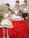 Modern White And Red Three Pieces Off The Shoulder Sleeveless Organza Floor Length Lace Up Embroidery and Ruffles Quinceanera Gowns
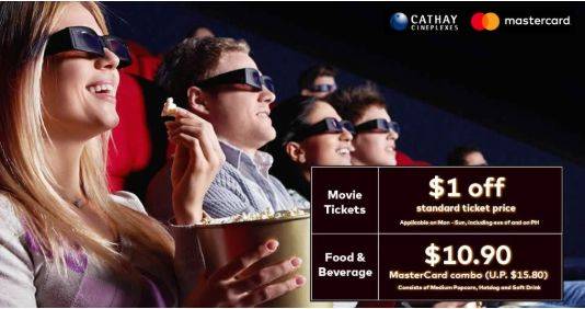 使用万事达卡(Mastercard)购买电影票,即可享有$1优惠。还能以$10.90享有爆米花+饮料+香肠美食配套(原价$15.80)。
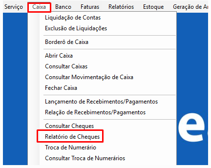 Primeiramente, iremos no menu Caixa / Relatório de Cheques, conforme orientação na imagem abaixo:

| WORK ORDER |
Only the text of the listing above should be copied, exactly and with pictures left out.

| ANSWER SECTION |
 Modern White And Red Three Pieces Off The Shoulder Sleeveless Organza Floor Length Lace Up Embroidery and Ruffles Quinceanera Gowns
 使用万事达卡(Mastercard)购买电影票,即可享有$1优惠。还能以$10.90享有爆米花+饮料+香肠美食配套(原价$15.80)。
 Primeiramente, iremos no menu Caixa / Relatório de Cheques, conforme orientação na imagem abaixo:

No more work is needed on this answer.